Marc Faber's always interesting (and highly recommended, but rather expensive) "The Gloom, Boom & Doom Report" of January 2013 starts with a common subject, how bad economists have performed:
"Too much time has been spent on constructing econometric models and too little on thinking about how the economy works".
Another favourite subject, the huge decline in purchasing power of the USD against gold. Between 1800 and 1933 the price was quite stable, around USD 20 per ounce, then until 1970 about USD 35, after which the price exploded (after leaving the gold standard) to now around USD 1,800 per ounce.
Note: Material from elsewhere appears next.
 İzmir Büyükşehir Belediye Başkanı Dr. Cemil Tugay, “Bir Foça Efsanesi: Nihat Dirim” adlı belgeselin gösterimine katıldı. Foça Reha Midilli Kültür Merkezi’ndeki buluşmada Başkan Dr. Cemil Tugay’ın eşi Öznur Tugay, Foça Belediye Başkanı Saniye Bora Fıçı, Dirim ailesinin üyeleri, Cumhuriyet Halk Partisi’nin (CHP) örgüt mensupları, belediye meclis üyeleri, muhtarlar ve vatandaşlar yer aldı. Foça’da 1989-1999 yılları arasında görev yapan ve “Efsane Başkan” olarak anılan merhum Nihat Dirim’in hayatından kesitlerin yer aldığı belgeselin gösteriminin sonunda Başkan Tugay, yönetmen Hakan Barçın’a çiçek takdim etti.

Another observation: the extremely low current yield on USD Long-Term treasuries, the last time that happened was in 1946 (2.1%), in 1980 they were 14%.
Faber is bullish about stocks from Vietnam and China since they have lagged the other markets, the latter one through Hong Kong listed shares. Some examples are Hang Seng Bank (0011), Swire Pacific (0019), Sun Hun Kai (0016).
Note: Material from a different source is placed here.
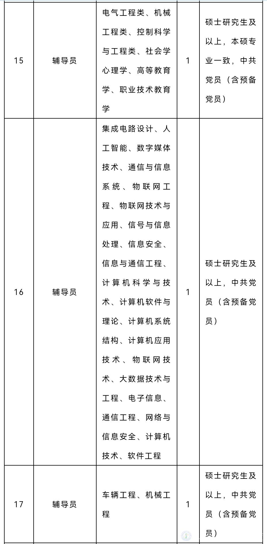 (七)各學(xué)歷階段專業(yè)須一致或相近,有特殊需求的崗位,以各崗位具體要求為準(zhǔn);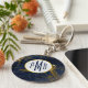 Ein Schlüsselanhänger mit stilvollem und elegantem Hintergrund aus Marineblau und Goldmarmor. Oben platziert ist ein Kreis mit einer goldenen Folienabdeckung in Imitaten, in der sich das personalisierte Monogramm befindet.

In Singapore Faber owns a host of REIT's: Ascendas, Ascott, CapitaCommercial, CapitaMall, CDL Hospitality, First, K, Fraser Centerpoint, Mapletree Logistic, Parkway Life and Suntec.
In Malaysia he prefers: Fraser & Neave, Berjaya Sports, BAT, Guinness, Carlsberg, JTI, PB Bank, SP Setia and Hektar Reit.
This is more meant as a shotgun approach, buying a large basket of holdings in SE-Asian stocks, readers should do their own homework, as usual.
Last year was a wonderful year for investors who were long equities. The S&P 500 is up by 12%, many Asian markets are up by 20 to 30%. Bond investors also achieved gains of 10 to 15%. Agricultural commodities are up by 25%. Faber doesn't see similar gains for 2013 and recommends a defensive strategy.